Republican incumbent Scott Brown (48 percent) clings to a one-point lead over Democratic challenger Elizabeth Warren (47 percent) in the Massachusetts race for the U.S. Senate, according to a Suffolk University/7NEWS (WHDH-Boston) poll of likely general-election voters in Massachusetts… the race has closed since a February Suffolk University/7NEWS poll showed Brown leading Warren 49 percent to 40 percent.

Previous polls had shown Warren remaining competitive, but they were outdated. This poll was taken from May 20 to May 22. It finds that 49 percent of voters believe that Warren has some Native American in her (hell, she’s from Oklahoma), and that her unfavorables have spiked a mere 5 points during the affair. How little do voters care about it? Just make this comparison.

With 80 percent of voters aware of the 1965 incident when Romney was accused of forcibly cutting the hair of a prep school classmate, 46 percent said that Romney was a bully, while 40 percent said he was not.
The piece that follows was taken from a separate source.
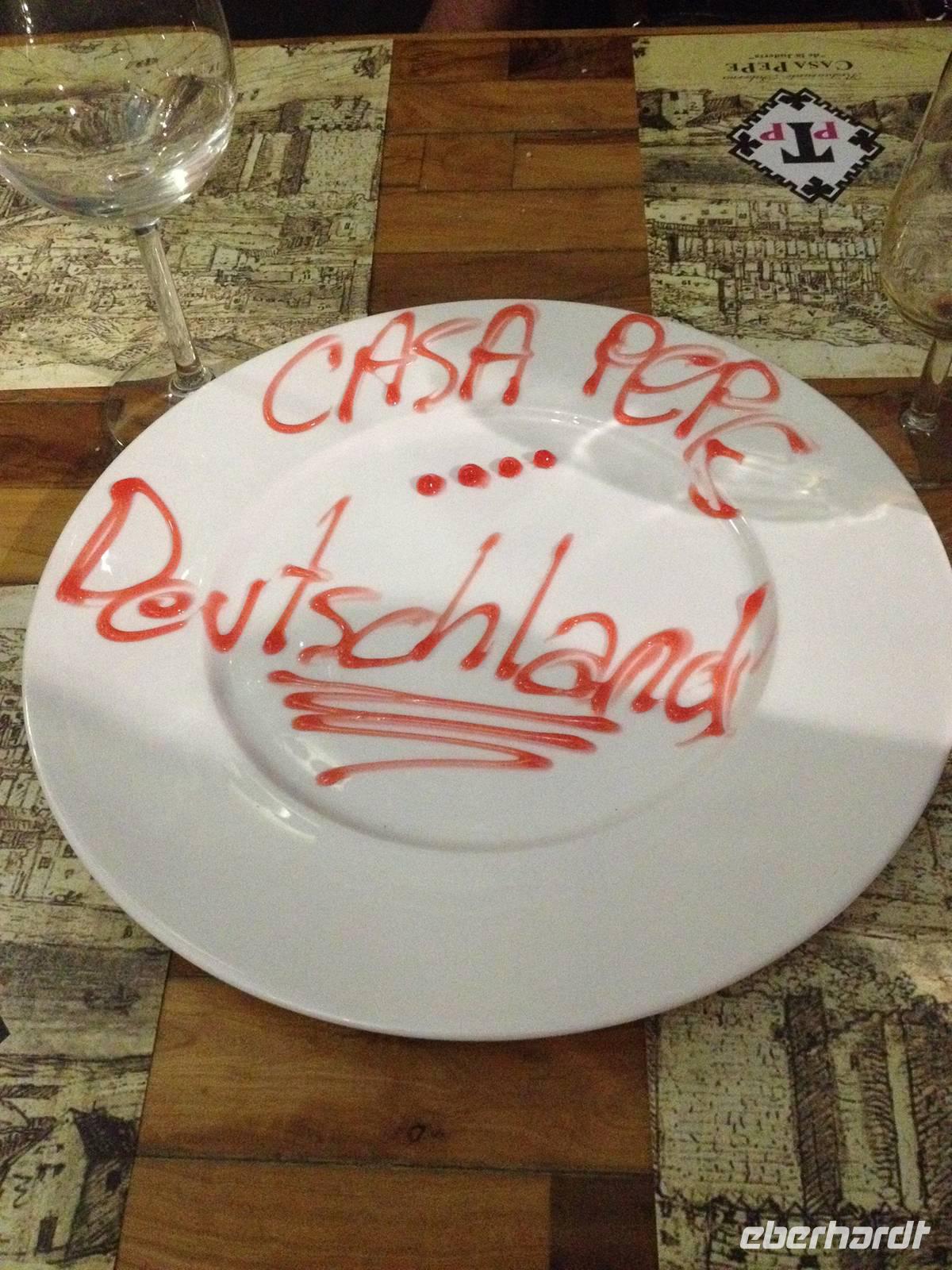 Schließlich haben wir es gefunden und genießen ein schmackhaftes und saftiges spanisches Essen.

If the scandal hasn’t killed Warren after four weeks, when is it supposed to work? The way Suffolk asks the question, it looks like the story has changed from the culturally significant, doom-laden question of preferential treatment to the wacky question of whether Warren has high cheekbones. Reporters are still obssessed with it – Warren’s response is to stand by “her mother” and “her family.” If that’s the story, she’s going to wriggle out of this.